Cell dissociation using Dispase I. (a) Cells were in clumps following a 5-min incubation in Dispase I, with tissue remnants (white arrows). At (b) 10 min (white circle) and (c) 40 min (white arrows), cells were dissociated, without clustering. Scale bars: 20 μm Corresponding live (green)/dead (red) cell labelling is shown after (d, g) 5, (e, h) 10 and (f, i) 40-min incubations in Dispase I; (g)–(i) are magnified images of (d)–(f). Scale bars: 100 μm. (j) Percentage epidermal cell viability in culture was affected by incubation time in Dispase I; greatest cell viability in fully dissociated cells was observed after a 10-min incubation.
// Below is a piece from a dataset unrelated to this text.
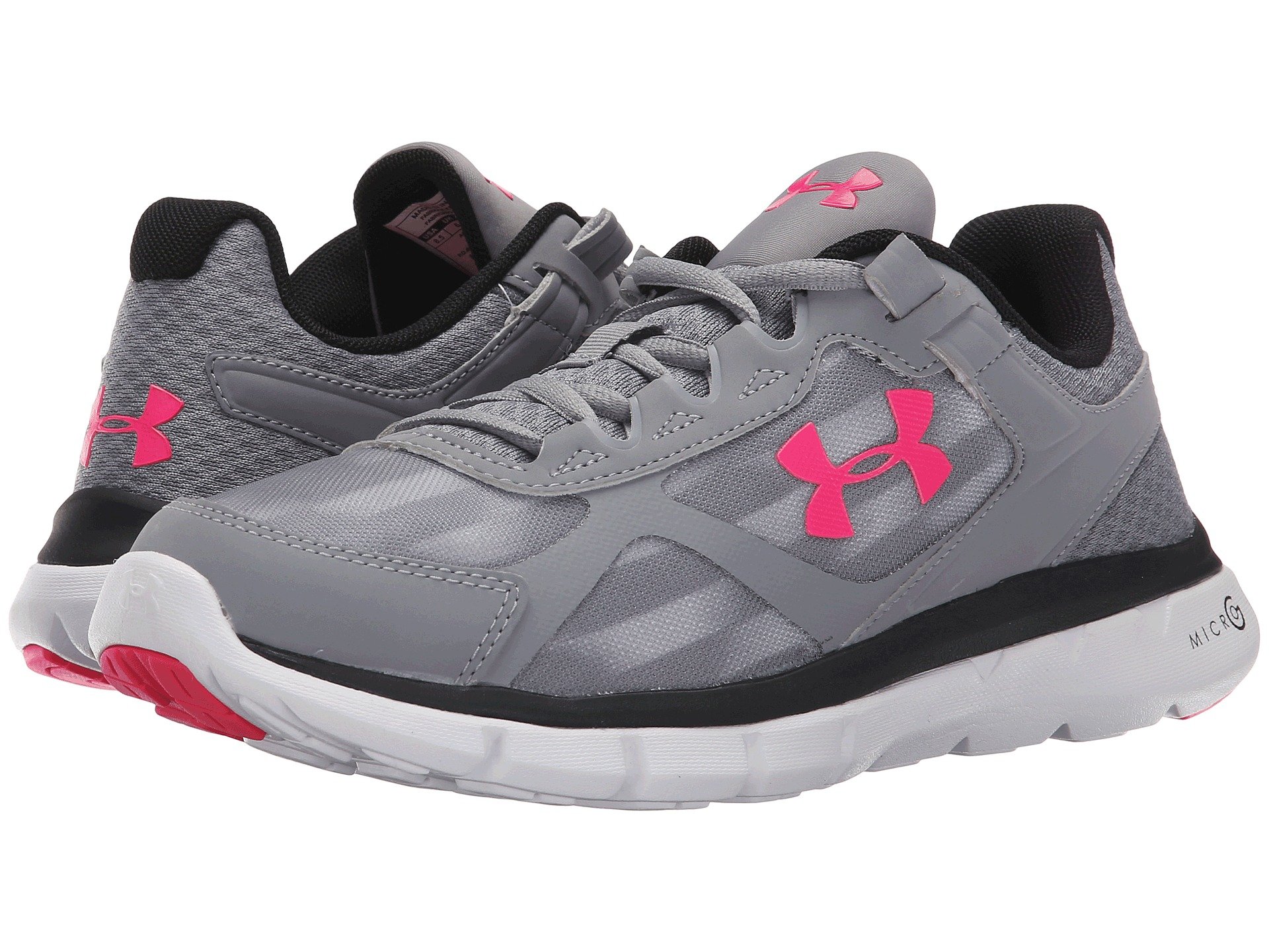 | Product Information SKU: #8629708Enhance your workout in the Under Armour? UA Micro G? Velocity RN running shoe!Built for the neutral runner. Lightweight, breathable mesh upper with seamless synthetic overlays. Lace-up closure. Plush tongue and collar. Breathable fabric lining offers a great in-shoe feel. EVA foam insole. Full-length Micro G? midsole turns cushioned landings into explosive takeoffs. Differential: 10 mmSolid rubber outsole over high-impact zones for lasting durability at a lighter weight.Added heel cushioning and strategic outsole flex grooves work together to promote a more natural stride.Imported. Product measurements were taken using size 8.5, width B - Medium. Please note that measurements may vary by size.Weight of footwear is based on a single item, not a pair.Measurements: Weight: 8 oz |
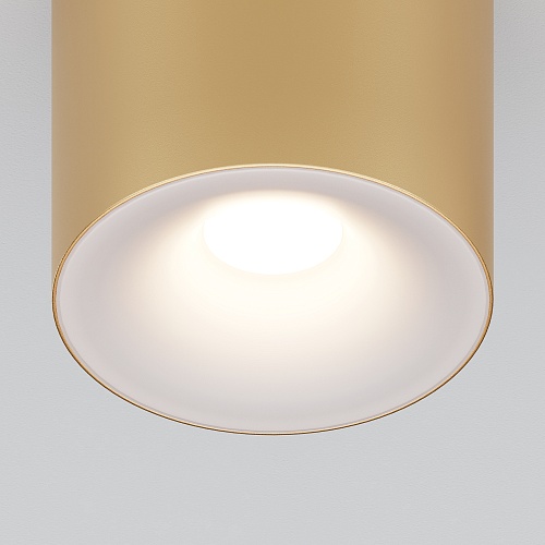 Материал корпуса – металл; цвет – белый, чёрный и золотой. Форма корпуса – стаканчик. Акриловый рассеиватель. Сияющий эффект при свечении. Отсутствие стопорного кольца. Утопленный источник света – лампа GU10.

Error bars: SD. Asterisks indicate significant differences in percentage viability between 0 d in culture (*p < 0.05, **p < 0.01) and 1 d in culture (**p < 0.01).

Figure 10.

Phase-contrast images of dissociated cells adhering to substrates (a) laminin, (b) fibronectin, (c) collagen type IV, (d) chitosan, (e) Matrigel and (f) collagen type I. A larger number of cells (arrows) was observed adhered to collagen type I, while cell spreading was most apparent on collagen type IV. Scale bars: 20 μm.

Figure 11.

Ostracod epidermal cell proliferation in dissociated cells at 7 d of culture. (a, b) Proliferating cells (BrdU labelled; red fluorescence) expressed as a percentage of total cells (Hoechst-labelled nuclei; blue fluorescence) on substrates, collagen types I and IV, were quantified. Scale bars: 50 μm. (c) Cell proliferation was not found to be significantly different on these two substrates following 7 d in culture (p = 0.211). Error bars: SD.